Therefore, we have that

$\int_0^\infty\frac{s}{(s^2+x^2)}\frac{\sinh(bx)}{\sinh(cx)}\,dx=\pi\sum_{k=1}^\infty \frac{(-1)^{k-1} \sin\left(\frac{\pi kb}{c} \right)}{c s+\pi k}$ (1)

Differentiating (1) w.r. to gives us

$\begin{aligned} \int_0^\infty\frac{x}{(s^2+x^2)}\frac{\cosh(bx)}{\sinh(cx)}\,dx&=\frac{\pi}{c s }\sum_{k=1}^\infty \frac{(-1)^{k-1} \pi k }{c s+\pi k}\cos\left(\frac{\pi kb}{c} \right)\\ &=\frac{\pi}{cs}\sum_{k=1}^\infty \frac{(-1)^{k-1} \left(cs+\pi k-cs\right) }{c s+\pi k}\cos\left(\frac{\pi kb}{c} \right)\\ &=\frac{\pi}{cs}\sum_{k=1}^\infty (-1)^{k-1} \cos\left(\frac{\pi kb}{c} \right)-\pi\sum_{k=1}^\infty \frac{(-1)^{k-1}\cos\left(\frac{\pi kb}{c} \right) }{c s+\pi k}\\ &=\frac{\pi}{2cs}+\pi\sum_{k=1}^\infty \frac{(-1)^{k}\cos\left(\frac{\pi kb}{c} \right) }{c s+\pi k} \qquad \blacksquare\\ \end{aligned}$

Where in the last line we used Lemma 2, then

$\int_0^\infty\frac{x}{(s^2+x^2)}\frac{\cosh(bx)}{\sinh(cx)}\,dx=\frac{\pi}{2cs}+\pi\sum_{k=1}^\infty \frac{(-1)^{k}\cos\left(\frac{\pi kb}{c} \right) }{c s+\pi k}$ (2)
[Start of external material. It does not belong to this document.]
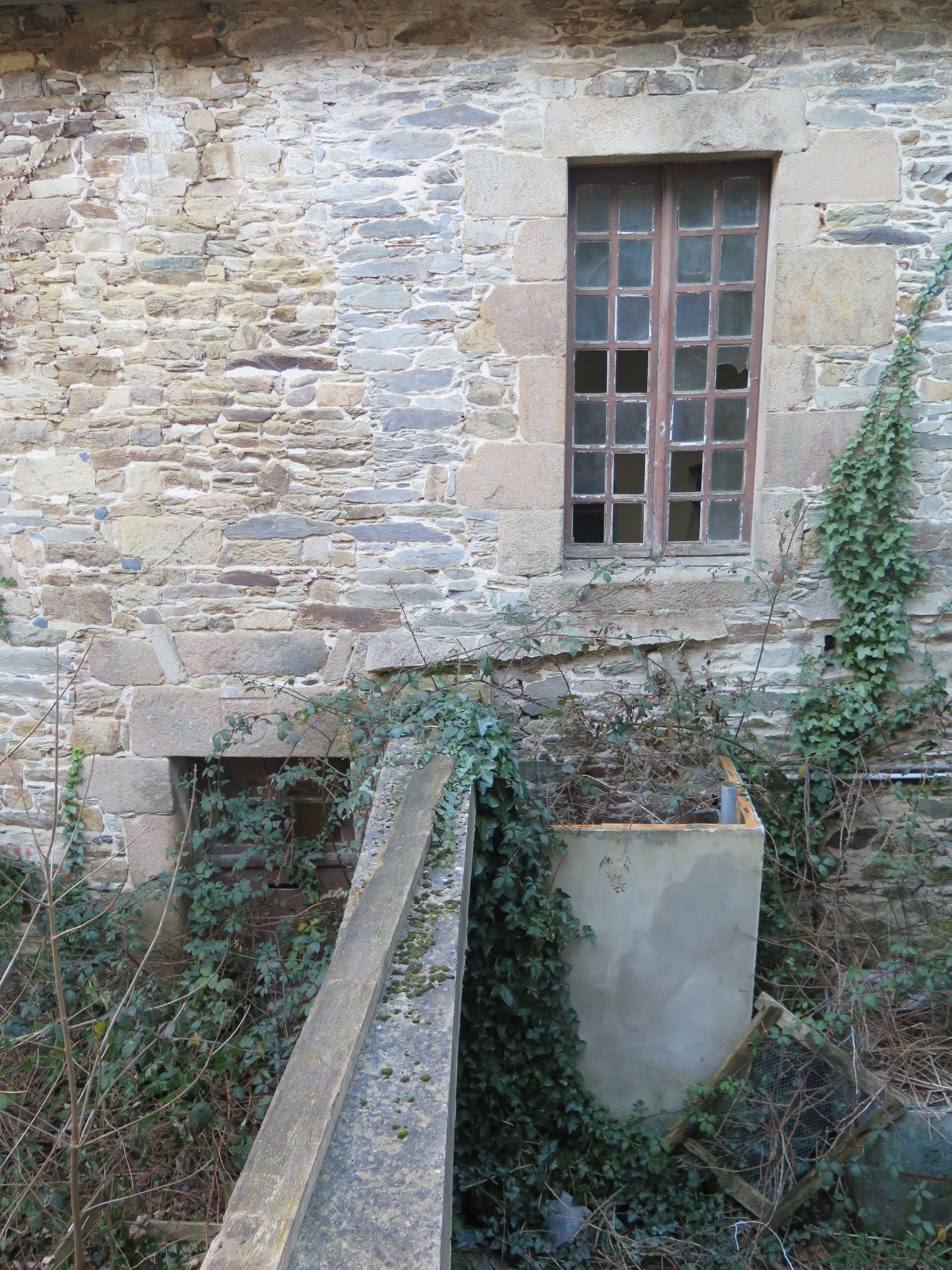 Corps de logis secondaire, élévation sud-est visible depuis le jardin de l'hôtel Le Saint Yves. Détail de la porte de la cuisine (armoriée) et d'une fenêtre de l'étageImmatriculation

If we let b=c in (2) we obtain

$\int_0^\infty\frac{x}{(s^2+x^2)}\frac{1}{\tanh(cx)}\,dx=\frac{\pi}{2cs}+\pi\sum_{k=1}^\infty \frac{1 }{c s+\pi k}$ (3)
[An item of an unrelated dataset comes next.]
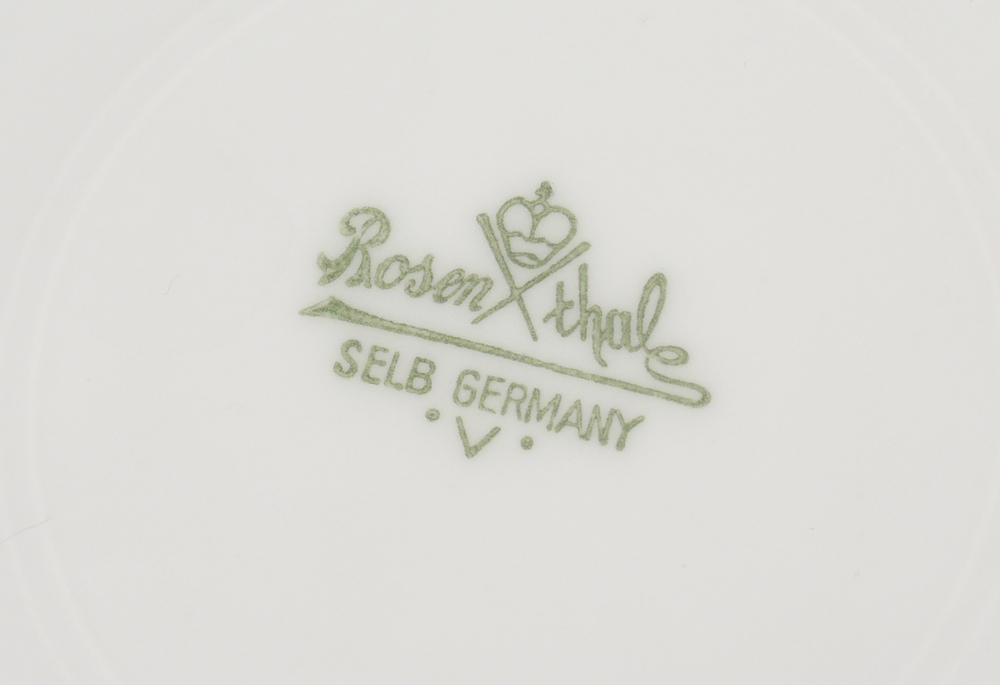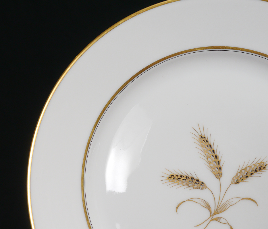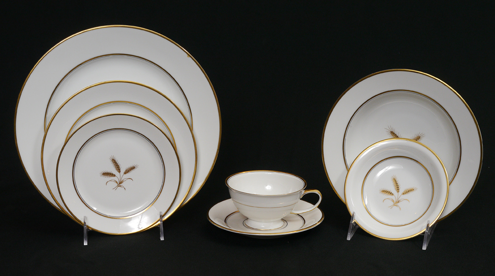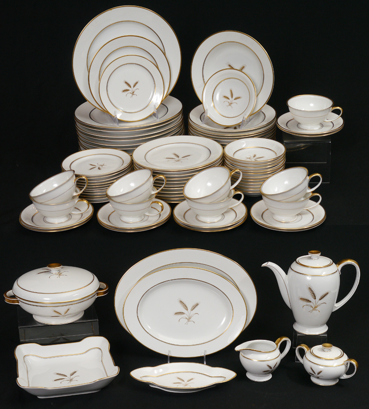 ROSENTHAL ''BOUNTIFUL'' DINNER SERVICE & GLASSES: Approx. 90 pieces in the Bountiful pattern by Rosenthal to include 12 dinner plates (10''), 12 salad plates (7 1/2''), 12 bread plates (6''), 12 soup bowls (8''), 12 dessert bowls (5 1/4''), 9 teacups, 12 saucers, 2 oval platters (largest 11'' x 14 3/4''), covered vegetable (5 1/2'' x 10 3/4''), square open vegetable, gravy boat, relish, coffee pot, open creamer, covered sugar. Sold with Rosenthal Wheat pattern stemware to include 12 water glasses (5 5/8'' h.) and 9 wine (4'' h.)

Letting $c=\frac{\pi}{2}$ in (3)

$\begin{aligned} \int_0^\infty\frac{x}{(s^2+x^2)}\frac{1}{\tanh\left(\frac{\pi x }{2}\right)}\,dx&=\frac{1}{s}+\sum_{k=1}^\infty \frac{1 }{ \frac{s}{2}+ k}\\ &=\frac{1}{s}+2\sum_{k=1}^\infty \frac{1 }{ s+ 2k}\\ \end{aligned}$ (4)

Now, if we differentiate (4) w.r. to s we obtain

$\int_0^\infty\frac{x}{(s^2+x^2)^2}\frac{1}{\tanh\left(\frac{\pi x }{2}\right)}\,dx &=\frac{1}{2s^3}+\frac{1}{s}\sum_{k=1}^\infty \frac{1 }{ (s+ 2k)^2}\\$ (5)
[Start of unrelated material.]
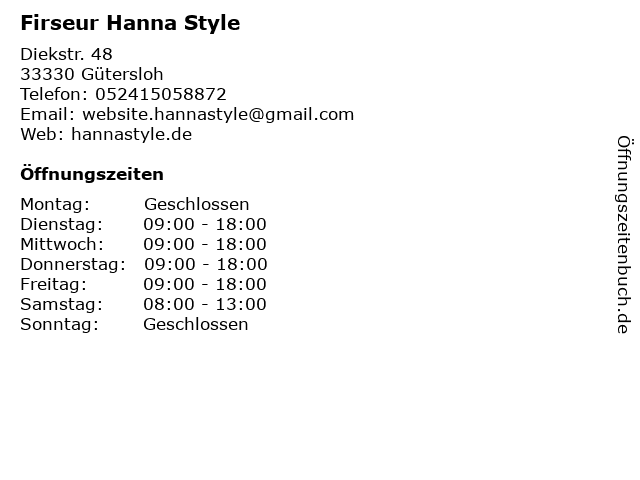 | Öffnungszeiten Firseur Hanna Style in Gütersloh anzeigen | |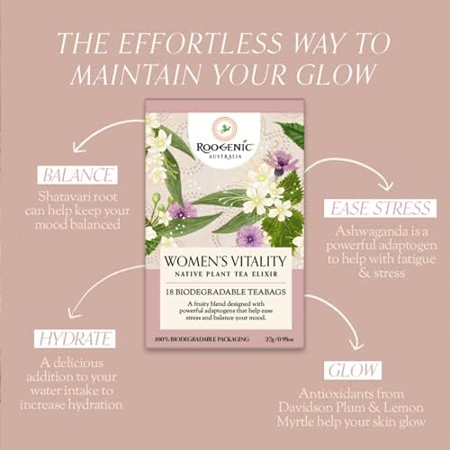 Delicious hot, or as an iced tea, Roogenic Women’s Vitality is the perfect addition to your water intake to help with hydration. It is also 100% caffeine-free.Lemon Myrtle, Aniseed Myrtle, Davidson Plum, Red Clover Flower, Shatavari Root, Nettle Leaf, Blue Cornflower, Ashwagandha Root, Mint

And now setting s=1 in (5)

$\begin{aligned} \int_0^\infty\frac{x}{(1+x^2)^2}\frac{1}{\tanh\left(\frac{\pi x }{2}\right)}\,dx &=\frac{1}{2}+\sum_{k=1}^\infty \frac{1 }{ ( 2k+1)^2}\\ &=\frac{1}{2}+1-1+\sum_{k=1}^\infty \frac{1 }{ ( 2k+1)^2}\\ &=-\frac{1}{2}+\sum_{k=0}^\infty \frac{1 }{ ( 2k+1)^2}\\ &=\frac{\pi^2}{8}-\frac{1}{2} \qquad \blacksquare \end{aligned}$

Proof of $\sum_{k=0}^\infty \frac{1 }{ ( 2k+1)^2}=\frac{\pi^2}{8}$

First note that

$\sum_{k=0}^\infty \frac{1 }{ ( 2k+1)^2}=\sum_{k=1}^\infty \frac{1 }{ ( 2k-1)^2}$ (A.1)

Than recall the well known result (a simple proof can be found in this post)

$\sum_{k=1}^\infty \frac{1 }{ k^2}=\frac{\pi^2}{6}$ (A.2)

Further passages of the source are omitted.